The Weston A. Price Way

Thursday, March 1, 2012

Making Piima Starter and Piima Milk

Wait a minute. Stop. Did you read the last post?  If not, do it now so you get the what and why of what we're doing here!

This is pretty easy.

First, order "Piima Yoghurt Starter" from Cultures for Health. Don't let names throw you off. In the world of traditional foods, I have found there are many names for many of the same foods! For instance, some call piima starter culture, "vili" or "villi". Others may call it "Finnish Culture". I'm fairly certain others call it something else.
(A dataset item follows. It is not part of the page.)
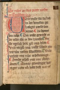 Abb. 3: Vaterunser in gotischer Minuskel in München, Bayerische Staatsbibliothek, Cgm 163, f. 1r.
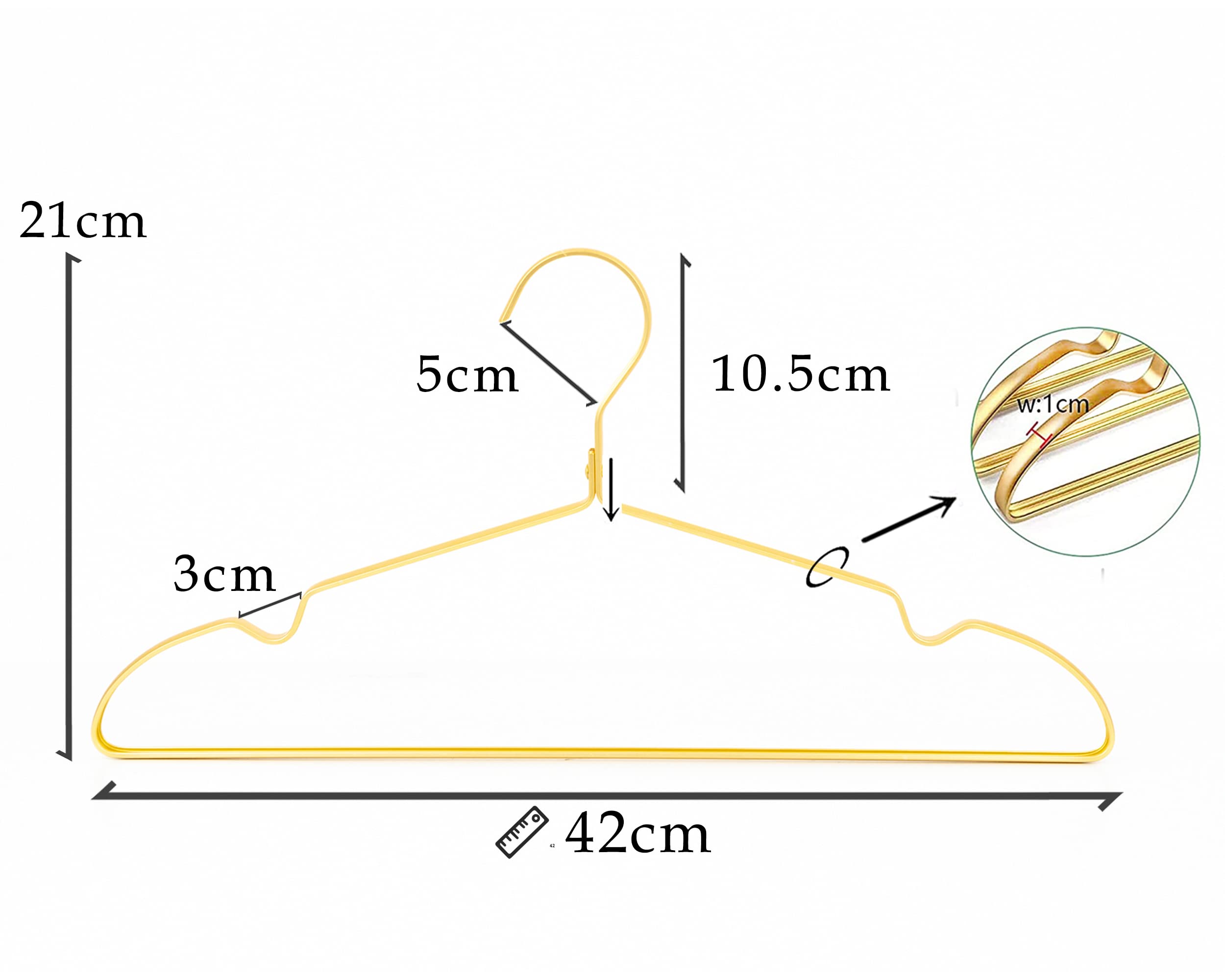 【品質】:錆びない素材で作られたアルミハンガーは長期間利用できます。ハンガーの表面にはゴールドの色をコーティングされ、更にお洋服の高品質感を演出します。

While awaiting its arrival, find a warm place in your house. The temperature for making both the starter and the cultured milk should be between 72 and 75 degrees. Nourishing Traditions says that lower temps cause the culture to become "slimy" and, ugh..."stringy". Higher temps can cause separation and souring. We don't want to gag over either, do we? So let's find a place that's the right temp. In the winter, I like a heating vent. In the spring and fall, I'm partial to the back deck...until it starts getting too warm or cool. Some find the top of the fridge perfect. You find your place. Go ahead...we'll wait....

Now that you've found that perfect spot and your starter has arrived, add it to cream in a well-cleaned and rinsed jar. A pint jar is big enough, but follow the directions that came with your culture. (They may call for a larger amount than Nourishing Traditions does in their instructions.) Use the best cream you can buy. You may have to go to a non-traditional dairy for this. You can use raw from a friend with a cowshare who's willing to share cream from the top of their non-homogenized milk. You may also buy this online. One east coast non-traditional dairy is Trickling Springs.

The main thing I keep finding is that the cream and milk for both 'projects' needs to not be ultrapasteurized. Sally Fallon tells us in Nourishing Traditions that ultrapasteurized cream and milk don't contain enough nutrition to sustain the life of the piima culture.

Put the culture in the cream as directed. Stir and cover with a firm-fitting lid. Set aside in that special place you found. Wait a day...a full, 24 hour day. Put the thickened cultured cream in the fridge where it will thicken a bit more. It will be good for months. If it ever smells bad, trust your nose's gut and get rid of it.

NOW you're ready to make some piima milk.

Let's make a gallon. The numbers are simple to reduce to a smaller portion if you like.
Into a gallon of the best milk you can find, (according to Nourishing Traditions, non-homogenized is the only way to go-remember Trickling Springs- but from what I can find through other sources, non-homogenized may not actually be mandatory), ADD 4 TBS. of the starter culture you made. (above)
Stir, cover with firm-fitting lid, put in that warm spot you found. (above)
Leave it 20 to 24 hours.

If you're new to cultured milks, go the 20 hours. Cultured products, as well as tastes for them, develop with time. If you find cultured piima milk a bit strong for your liking, try using it in a fruit smoothie. And remember, yummy products like yogurt and dairy kefir are cultured. Fine cheeses are cultured. Good things are cultured. They take time. They require specific intention. And they add dimension and quality to life.

When you are a 'cultured' person, it means you're well-rounded. You are familiar with and have an appreciation of some of the finer things in life.

...Well looky, looky at you, oh, finely cultured one!